PROBLEM DETAILS: With the pictures left out, write out the records verbatim.

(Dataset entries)
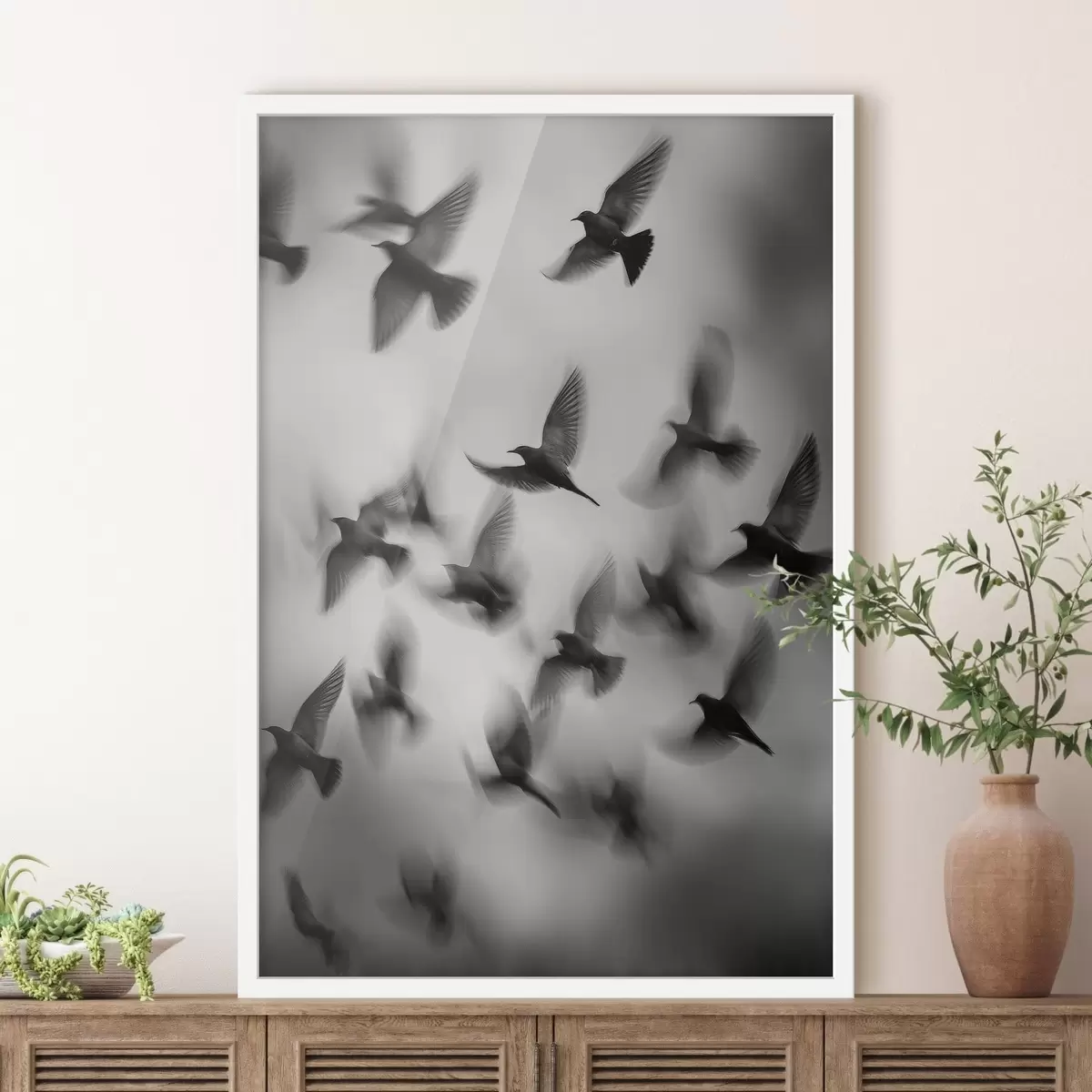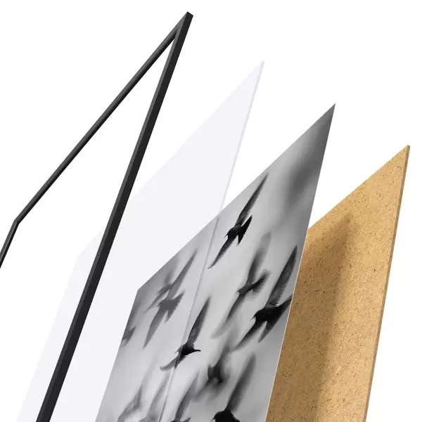 De poster bestaat uit een frame, plexiglas, geprinte afbeelding en spaanplaat achterkant. De poster kan meteen aan de muur worden gehangen dankzij de bevestigingen op de achterkant.
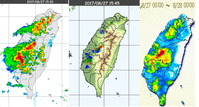 圖:昨(27日)「帕卡」外圍雲系造成台東及恒春半島有較明顯的降雨(右圖)。午後對流發展旺盛(左圖),伴隨密集的閃電(中圖),西半部有局部大雨或豪雨,南投集集超過200毫米為最多(右圖)。 |
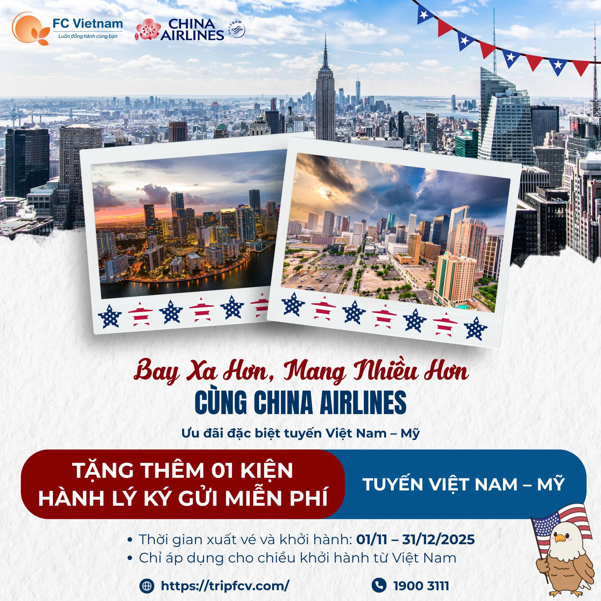 Cùng China Airlines bay xa hơn, mang nhiều hơn với ưu đãi hành lý miễn phí dành riêng cho hành trình Việt Nam – Mỹ, giúp chuyến đi của bạn thêm thoải mái và trọn vẹn.
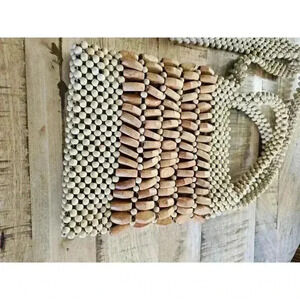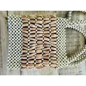 Straw Studios 100% Wooden Beaded Crossbody Purse Boho Tropical Beach
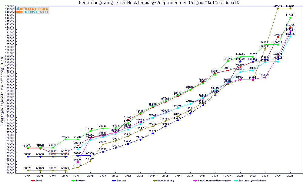 | Besoldungsvergleich A 16 im Jahr 2025 | gemitteltes Gehalt | ||||||
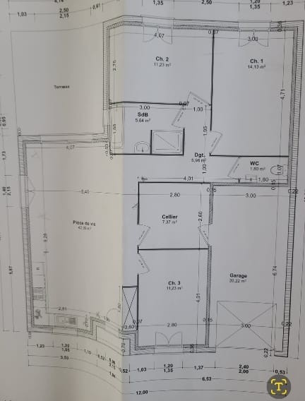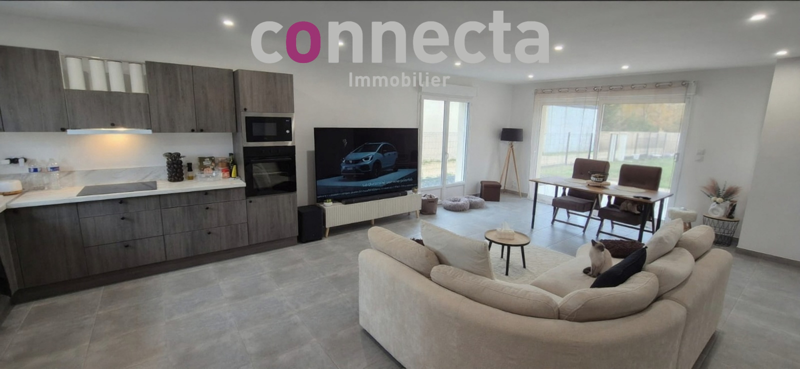 Composé d'une pièce de vie lumineuse et spacieuse avec cuisine ouverte équipée et aménagée, complétée d'un cellier/buanderie donnant accès au garage.

ANSWER:
 De poster bestaat uit een frame, plexiglas, geprinte afbeelding en spaanplaat achterkant. De poster kan meteen aan de muur worden gehangen dankzij de bevestigingen op de achterkant.
 圖:昨(27日)「帕卡」外圍雲系造成台東及恒春半島有較明顯的降雨(右圖)。午後對流發展旺盛(左圖),伴隨密集的閃電(中圖),西半部有局部大雨或豪雨,南投集集超過200毫米為最多(右圖)。 |
 Cùng China Airlines bay xa hơn, mang nhiều hơn với ưu đãi hành lý miễn phí dành riêng cho hành trình Việt Nam – Mỹ, giúp chuyến đi của bạn thêm thoải mái và trọn vẹn.
 Straw Studios 100% Wooden Beaded Crossbody Purse Boho Tropical Beach
 | Besoldungsvergleich A 16 im Jahr 2025 | gemitteltes Gehalt | ||||||
 Composé d'une pièce de vie lumineuse et spacieuse avec cuisine ouverte équipée et aménagée, complétée d'un cellier/buanderie donnant accès au garage.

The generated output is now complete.